To do = Begin at the line containing "مسئول خانه فرهنگ" and copy exactly through the last line of the listing, skipping every picture.

Source material =
--- START ---
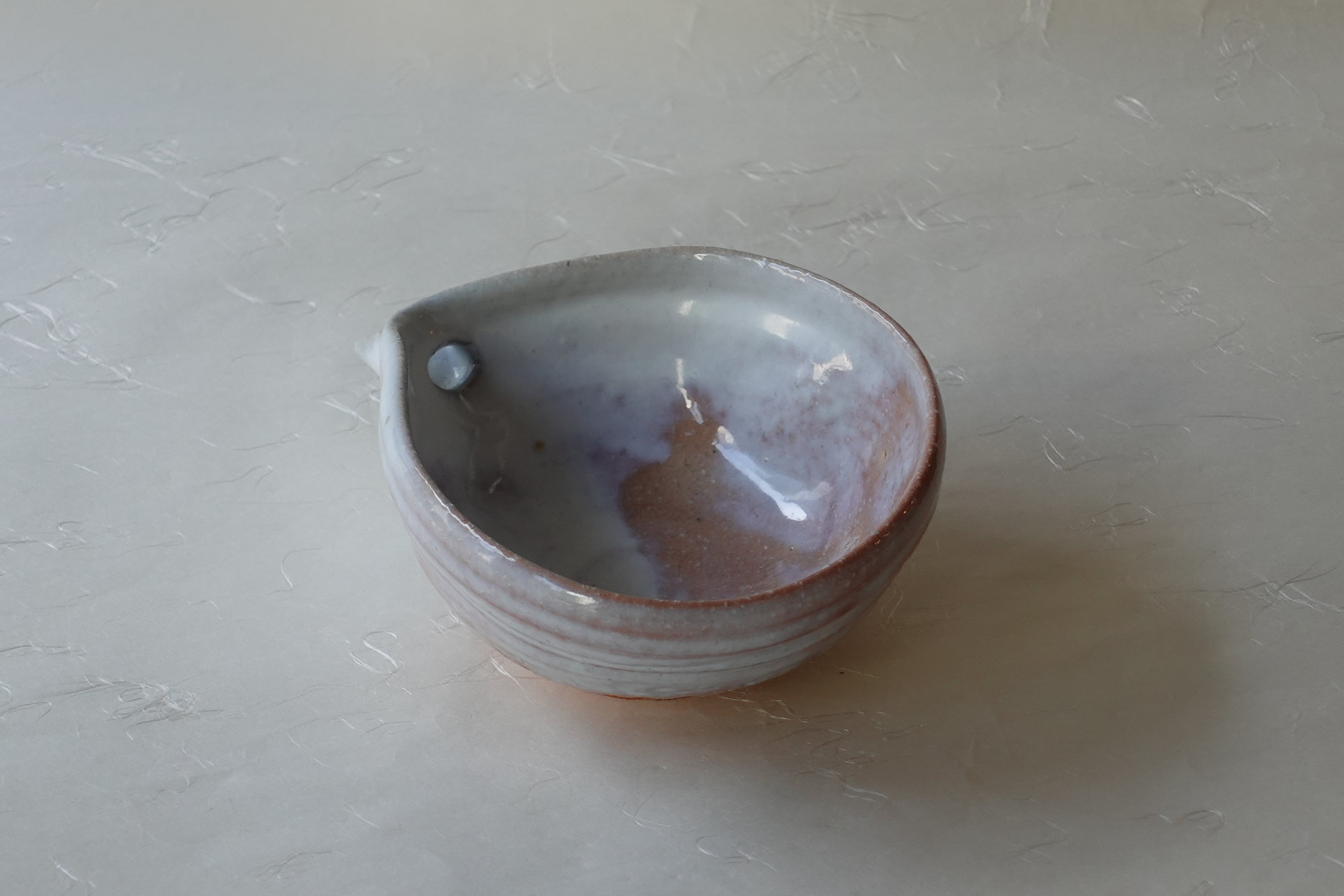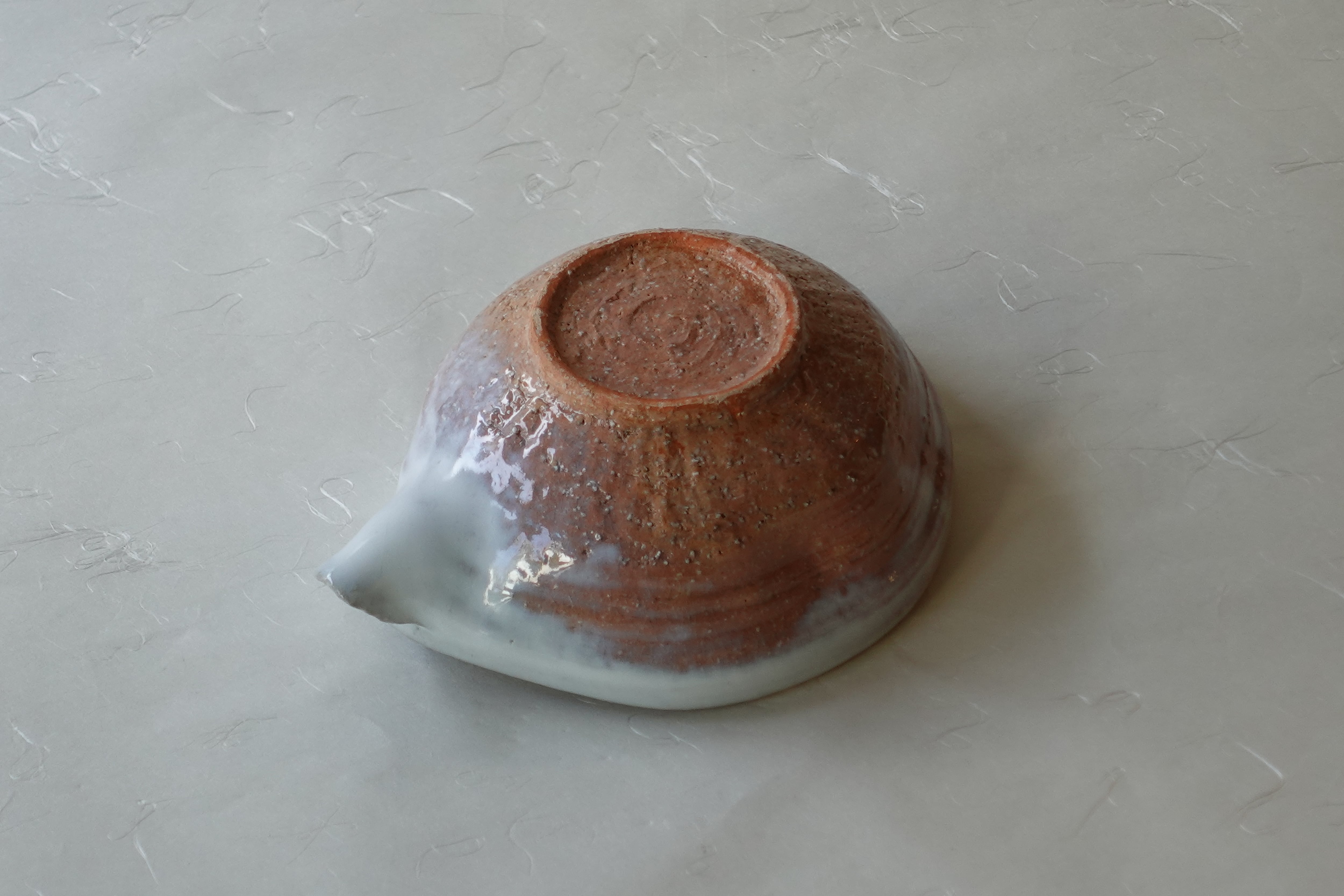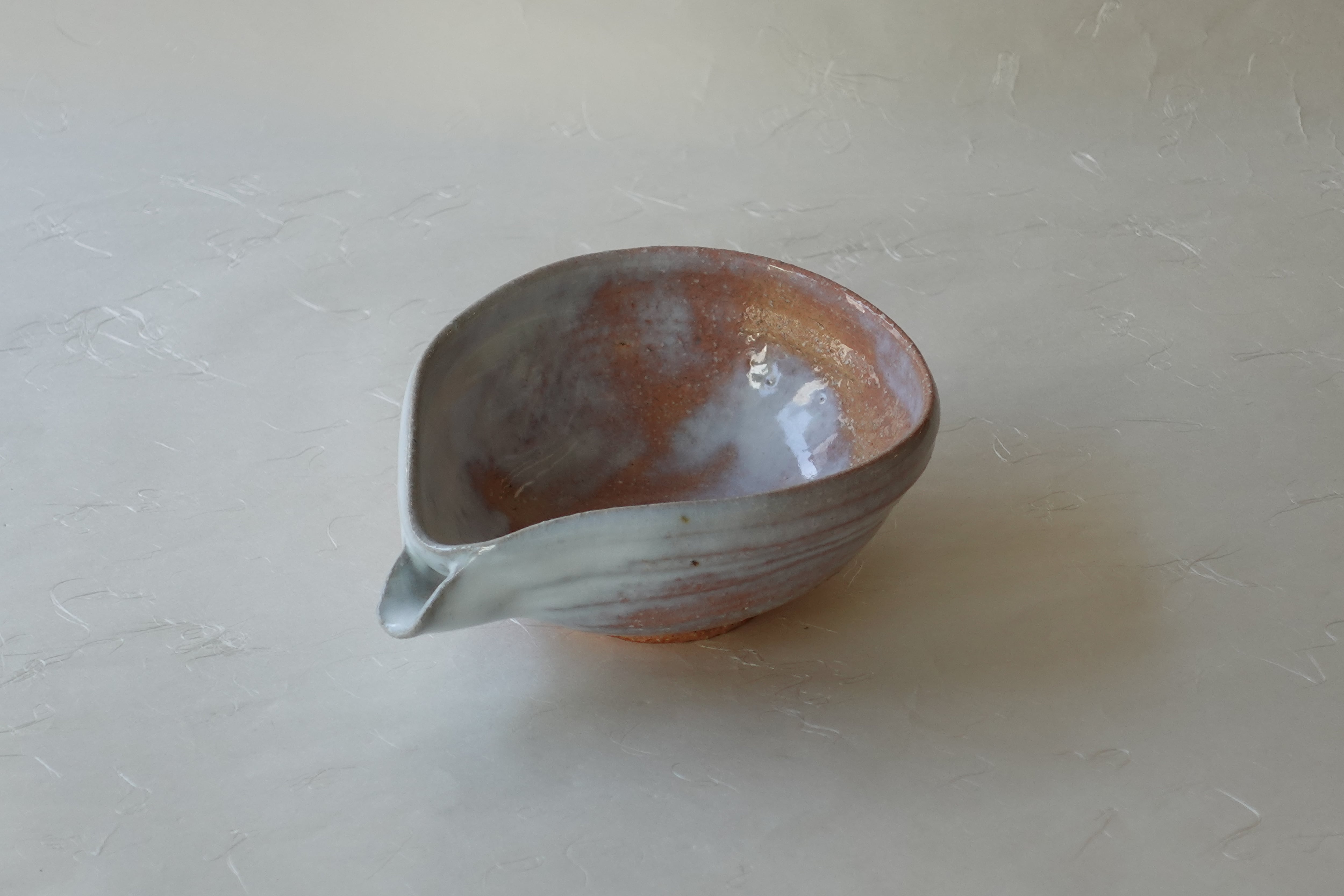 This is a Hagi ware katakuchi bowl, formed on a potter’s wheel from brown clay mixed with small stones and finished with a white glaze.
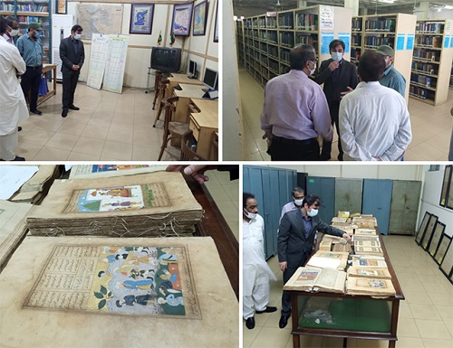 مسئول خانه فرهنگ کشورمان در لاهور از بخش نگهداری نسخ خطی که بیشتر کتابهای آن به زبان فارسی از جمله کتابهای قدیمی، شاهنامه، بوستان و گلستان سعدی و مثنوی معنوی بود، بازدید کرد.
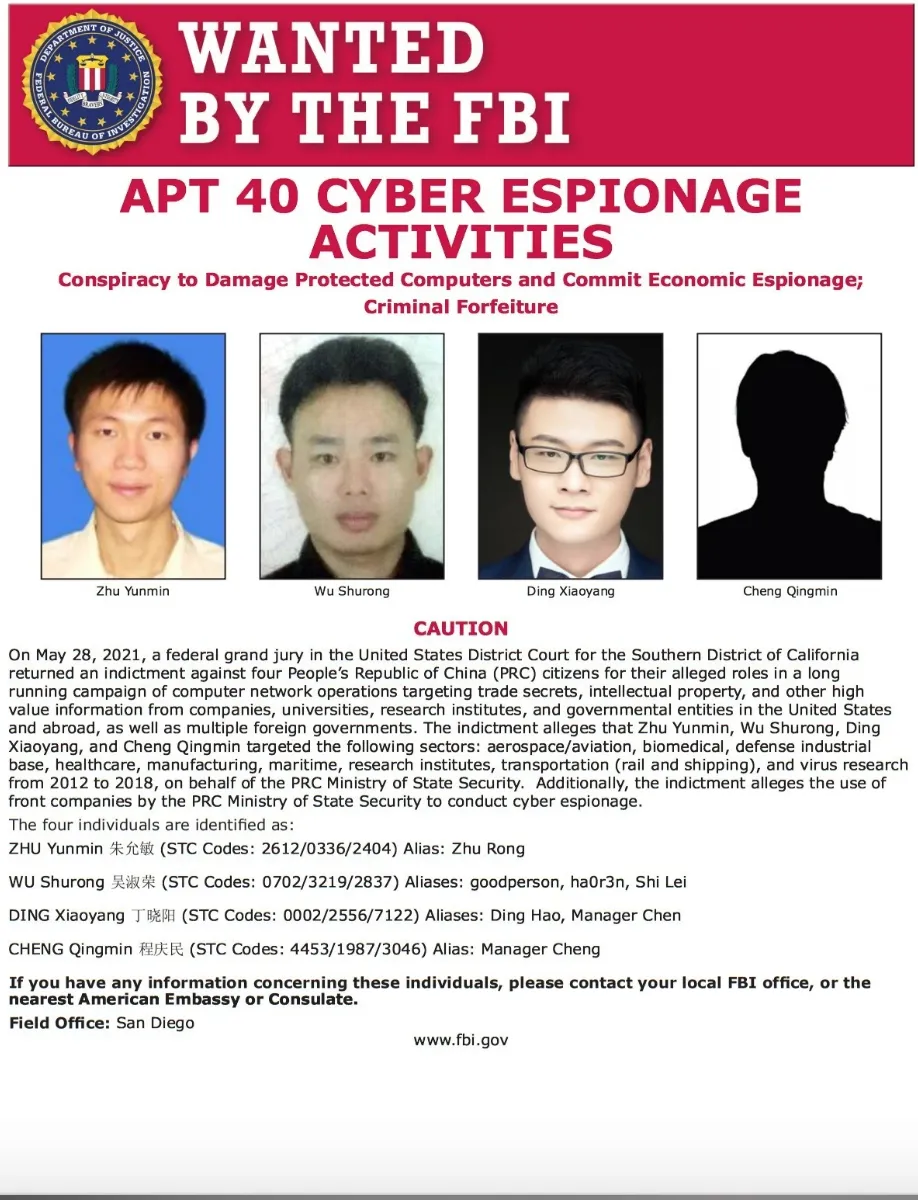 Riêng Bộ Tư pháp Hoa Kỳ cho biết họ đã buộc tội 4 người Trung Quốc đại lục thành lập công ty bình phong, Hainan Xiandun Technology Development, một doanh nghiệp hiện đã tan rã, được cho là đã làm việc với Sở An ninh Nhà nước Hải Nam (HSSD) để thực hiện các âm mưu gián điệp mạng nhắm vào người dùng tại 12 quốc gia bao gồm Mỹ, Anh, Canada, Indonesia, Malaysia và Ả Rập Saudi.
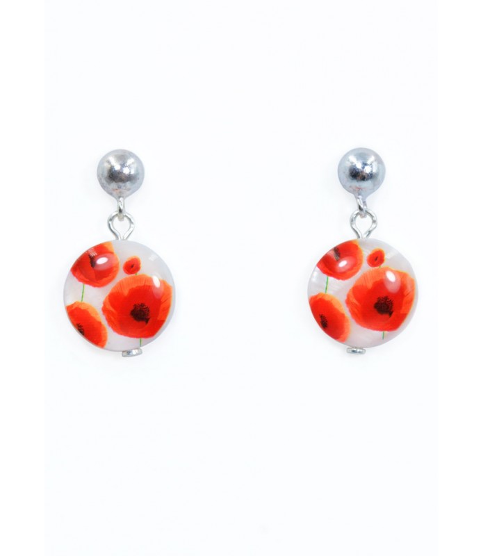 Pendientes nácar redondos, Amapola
--- END ---
Solution to the problem =
 مسئول خانه فرهنگ کشورمان در لاهور از بخش نگهداری نسخ خطی که بیشتر کتابهای آن به زبان فارسی از جمله کتابهای قدیمی، شاهنامه، بوستان و گلستان سعدی و مثنوی معنوی بود، بازدید کرد.
 Riêng Bộ Tư pháp Hoa Kỳ cho biết họ đã buộc tội 4 người Trung Quốc đại lục thành lập công ty bình phong, Hainan Xiandun Technology Development, một doanh nghiệp hiện đã tan rã, được cho là đã làm việc với Sở An ninh Nhà nước Hải Nam (HSSD) để thực hiện các âm mưu gián điệp mạng nhắm vào người dùng tại 12 quốc gia bao gồm Mỹ, Anh, Canada, Indonesia, Malaysia và Ả Rập Saudi.
 Pendientes nácar redondos, Amapola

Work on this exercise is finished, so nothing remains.